Adding Past Infinity (WARNING: Math Ahead)

9 years later and he still hasn't said what this has to do with physics

primaryforest

"today a physicist does math"
don't physicists do math, like everyday? Lol

trevormutter

Hey, wait a minute! You can't do this! It is an infinite series. Since the terms do not go to zero, it is a divergent series, meaning the sum of the terms is not a fixed value, it is infinity. Then you subtract another infinite series, which is also divergent. That is infinity - infinity, which is indeterminate, not 0, or 1, or -1, or anything like that. It is like dividing by zero.

ibooai.

if you move the positive line (upper) to the left, you get a positive outcome, if you move the negative one to the left, you get a negative outcome. so basically you can get ANY result ranging from negative to positive infinity just by randomly choosing where you begin subtracting

juliep.

Therefore the square root of infinity is imaginary. :^ )

UnforsakenXII

finally a way to measure you moms weight

SenseiFilth

You could also change (2-1) for (4-3) and suddenly infinity equals -3. I think the mistake/cheat here is the fact that you are assuming that the second string of numbers (the -1 part) is always 1 step ahead, otherwise the difference between the two (the 2 and the -1 strings of numbers) wouldve been roughly the size the last added part of the 2 string, or every addition in the -1 string added together, which in the case of infinity, is an infinitely big number

KebunH

Adding positives never becomes negative unless youre in Java

XXXXL

See what he did there at 0:24?

= (2 + 4 + 8 + ...) - (1 + 2 + 4 + 8 + 16 + ...) 
= -1 + (2 + 4 + 8 + ...) - (2 + 4 + 8 + ...)

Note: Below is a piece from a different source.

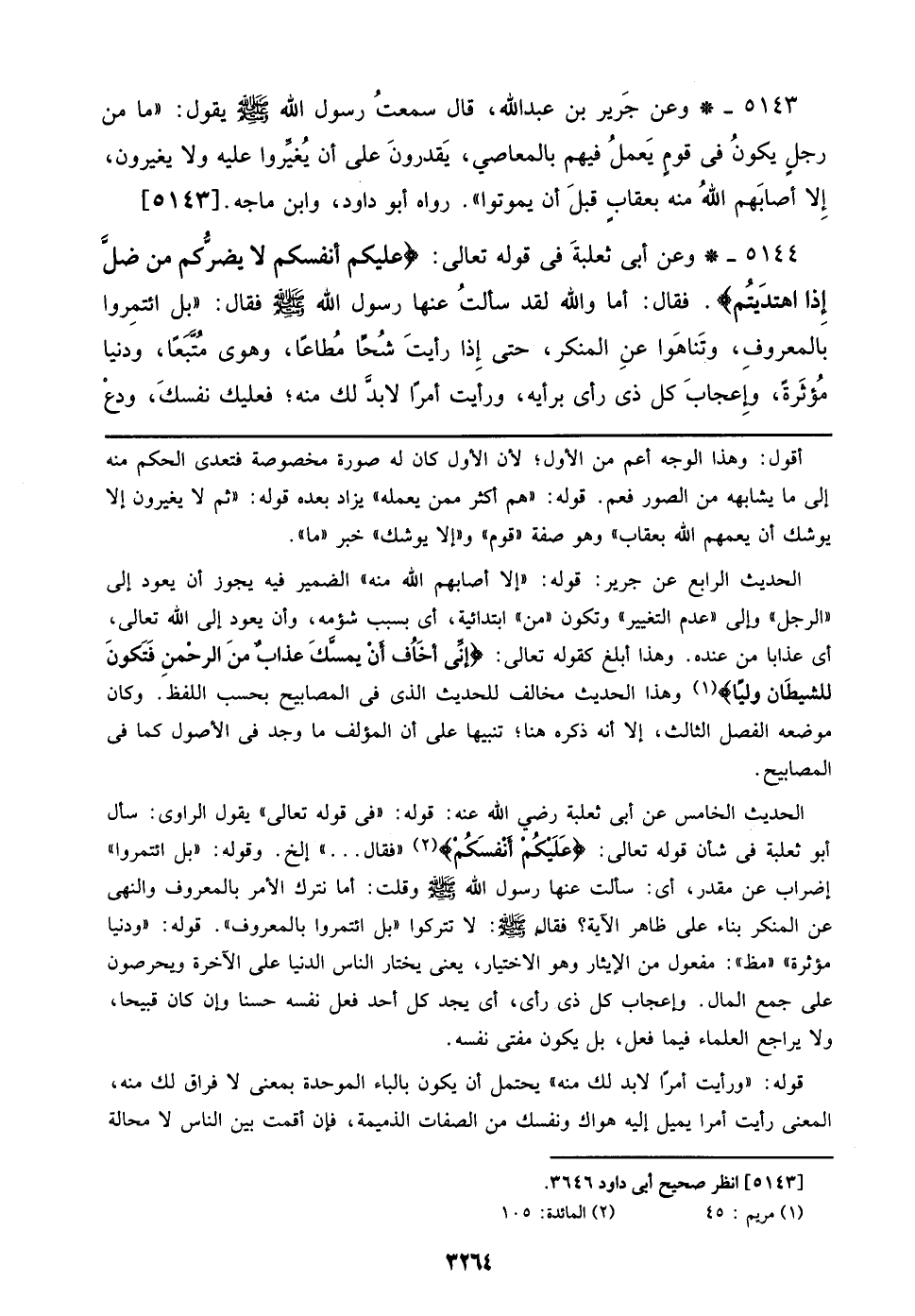 الحديث الخامس عن أبي ثعلبة رضي الله عنه: قوله: ((في قوله تعالى)) يقول الراوي: سأل أبو ثعلبة في شأن قوله تعالى: {عليكم أنفسكم} ((فقال ...)) الخ. وقوله: ((بل ائتمروا)) إضراب عن مقدر، أي: سألت عنها رسول الله صلى الله عليه وسلم وقلت: أما نترك الأمر بالمعروف والنهي عن المنكر بناء على ظاهر الآية؟ فقال صلى الله عليه وسلم: لا تتركوا ((بل ائتمروا بالمعروف)). قوله: ((ودنيا مؤثرة)) ((مظ)): مفعول من الإيثار وهو الاختيار، يعني يختار الناس الدنيا على الآخرة ويحرصون على جمع المال. وإعجاب كل ذي رأي، أي يجد كل أحد فعل نفسه حسنا إن كان قبيحا، ولا يرجع العلماء فيما فعل، بل يكون مفتي نفسه.

He brought out the -1 as if the associative property applies.  Does it really?  If so I'll show you that 1=0, 2=1, and that cat poop is candy.

S = 1 + 1 + 1 + ....

So,

0 = S - S
  = (1 + 1 + 1 + ....) - (1 + 1 + 1 +
  = 1 + (1 + 1 + 1 + ....) - (1 + 1 + 1 + ....) 
  = 1

Therefore 0 = 1

0+1 = 1+1
1 = 2

Cat poop = candy left as exercise to the reader.

codediporpal

Thanks for putting the math warning. Saved my life

christianmorales

I don't think this really works. Because if you limit how many numbers you use...
(2-1) * (1+2+4) = (2+4+8) - (1+2+4) = 7
(2-1) * (1+2+4+8) = (2+4+8+16) - (1+2+4+8) = 15
(2-1) * (1+2+4+8+16) = (2+4+8+16+32) - (1+2+4+8+16) = 31

Even though we're going toward infinity, you simply cannot disregard that the second parenthases will always be one power of two (minus 1) behind the progression of the first. No matter what point you choose to stop at to examine the results, you will always find that your result is a power of two minus 1.
Not coincidentally, if you just look at the sequence before you multiplied (2-1) into it, you get the exact same result. 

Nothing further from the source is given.